--- GIVEN INFORMATION Enclosed Below ---

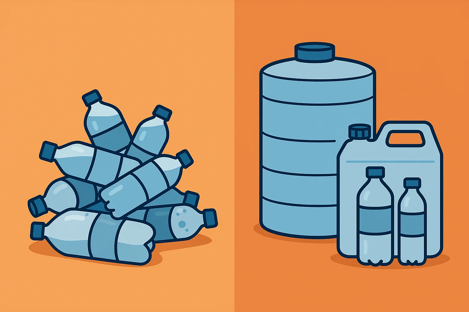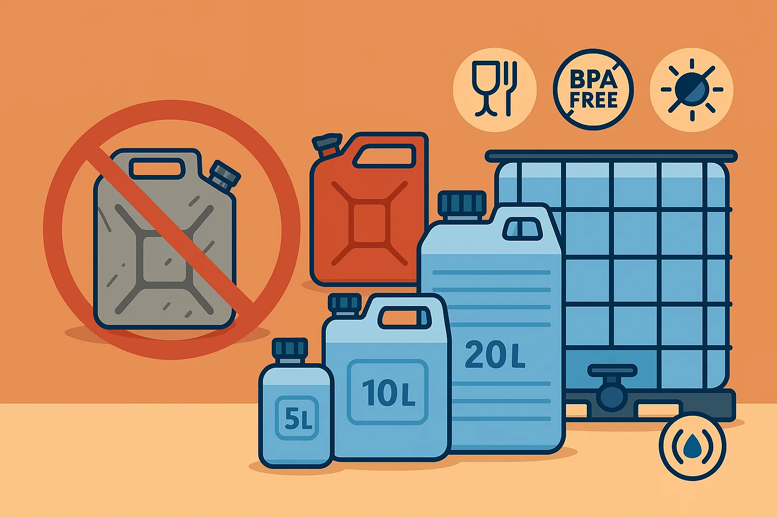 Wenn du dir die Behälter erst zulegen musst, nimm nur neue Kanister, Tonnen oder Tanks aus lebensmittelechtem, BPA-freiem HDPE-Kunststoff. Gebrauchte Behälter sind ein Risiko, weil du nie sicher weißt, was mal drin war.
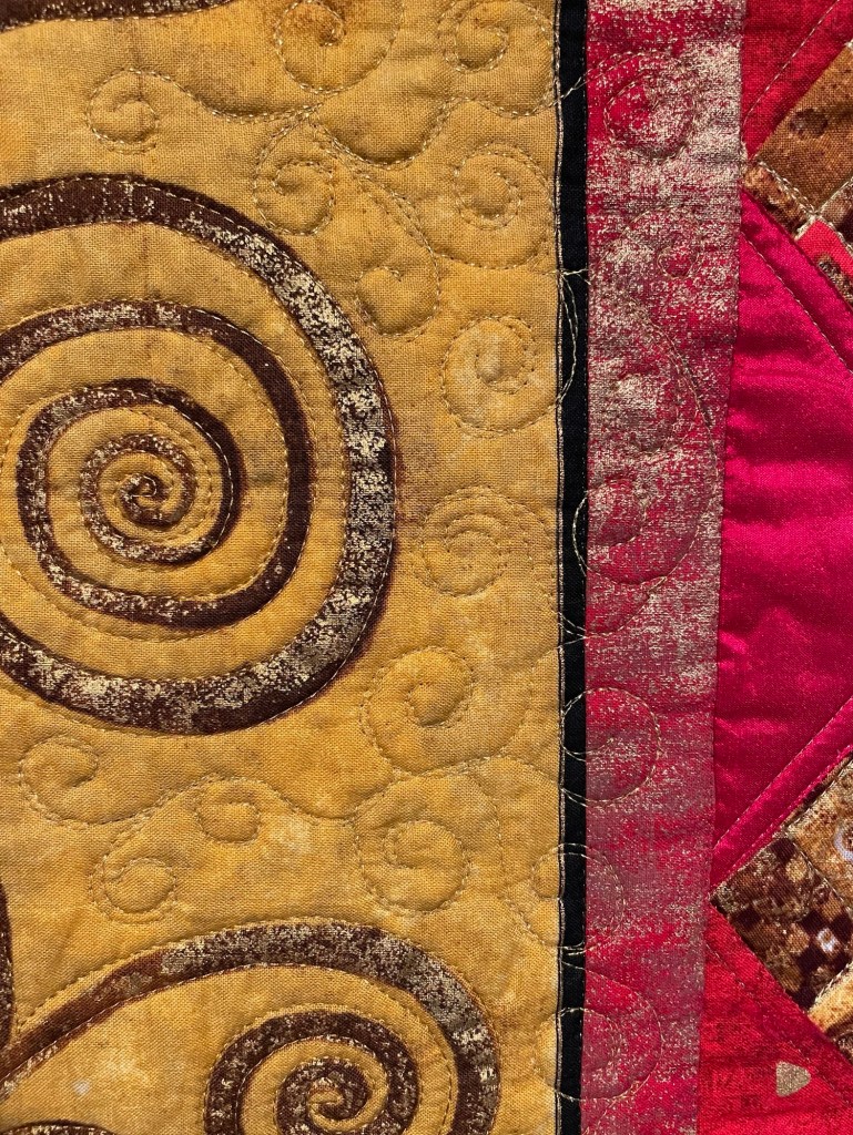 This panel, I confess, was not a favorite when I received it. The gold background on the panel is duller in person. It took some time to figure out how to balance the color. But I was determined to get it pieced and finished.
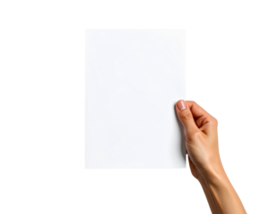 Hand holding blank white sheet of paper isolated on white background
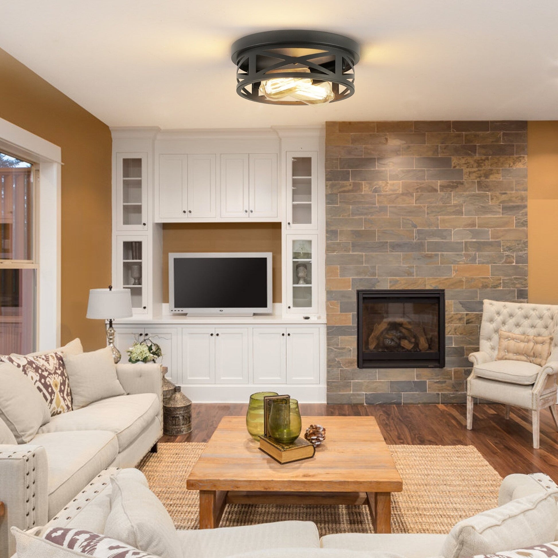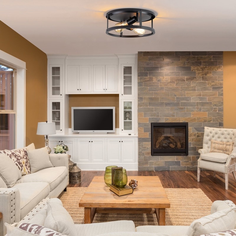 2-Light Black Farmhouse Flush Mount Ceiling...

--- End of Enclosed GIVEN INFORMATION ---

# PROBLEM
Leave the pictures out and output exactly the lines above, from the start of the listing through the line with "This panel, I".

# SOLUTION
 Wenn du dir die Behälter erst zulegen musst, nimm nur neue Kanister, Tonnen oder Tanks aus lebensmittelechtem, BPA-freiem HDPE-Kunststoff. Gebrauchte Behälter sind ein Risiko, weil du nie sicher weißt, was mal drin war.
 This panel, I confess, was not a favorite when I received it. The gold background on the panel is duller in person. It took some time to figure out how to balance the color. But I was determined to get it pieced and finished.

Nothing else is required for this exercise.